Skip to main content

Just Gratitude

November 26, 2025 2 min read
birds in a nest

Today’s one of those days in our common calendar that’s particularly unitive. Pope Leo suggested that folks “say thank you to someone” this Thanksgiving, for instance, and the New York Times highlighted that “People should think about gratitude more often.” After all, it’s good for people’s health, their mental wellbeing, their relationships, and their general life satisfaction.

But it’s also an act of justice, a way of rooting ourselves in what’s true. Nothing we have was owed to us, including our very existence. God chose us freely and gratuitously. And then he carved out a place for us amid a fallen world, coming among us as one of us. He’s provided for each of us with generations of people throughout the centuries whom we don’t know and have never met, who have preserved and handed down the faith to us. He’s arranged each of our lives so that they’ve been filled with formation, guidance, and constant care, by way of great joys and also sufferings, trials, and difficulties. And he’s given us a living hope, one that can swallow up all the darkness of the present age.

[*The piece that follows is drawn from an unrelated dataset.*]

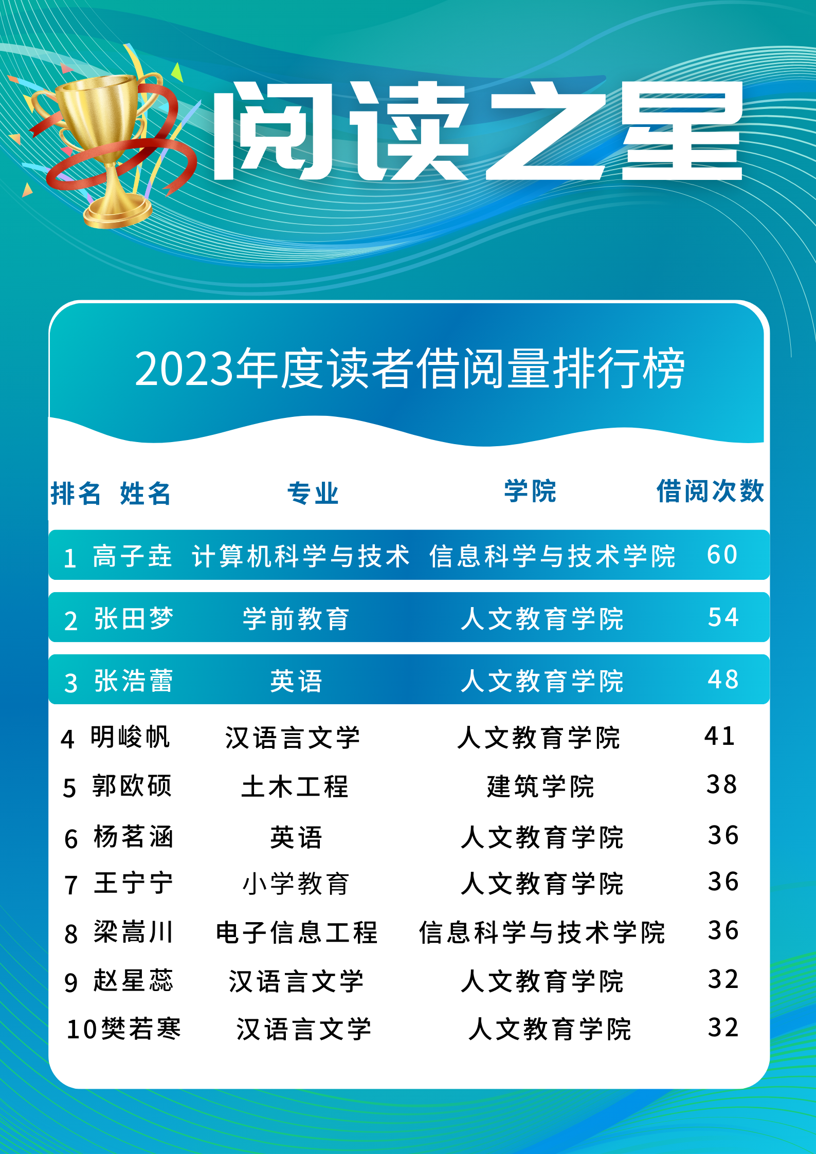 2023年,有10位学生读者的借阅量达到了30次以上,他们来自信息科学与技术学院、人文教育学院、建筑学院等多个二级学院,最高的借阅量高达60次/年,最低的也有32次/年。这些同学在课业学习之余,积极通过阅读丰富和提升自我,为全校读者树立了良好的榜样。

To offer a free and gratuitous expression of thanks is to acknowledge this grace and mercy at the very core of our lives. It seems the least we could do.

So, we’d echo the Pope’s words, and the New York Times’s, this year: let’s join one another in heartfelt expressions of thanks today – for all of the many blessings that fill our lives, and in gratitude especially, to our good God, whose generous hand has bestowed each and every one of them.

Once more, to all of you, happy Thanksgiving.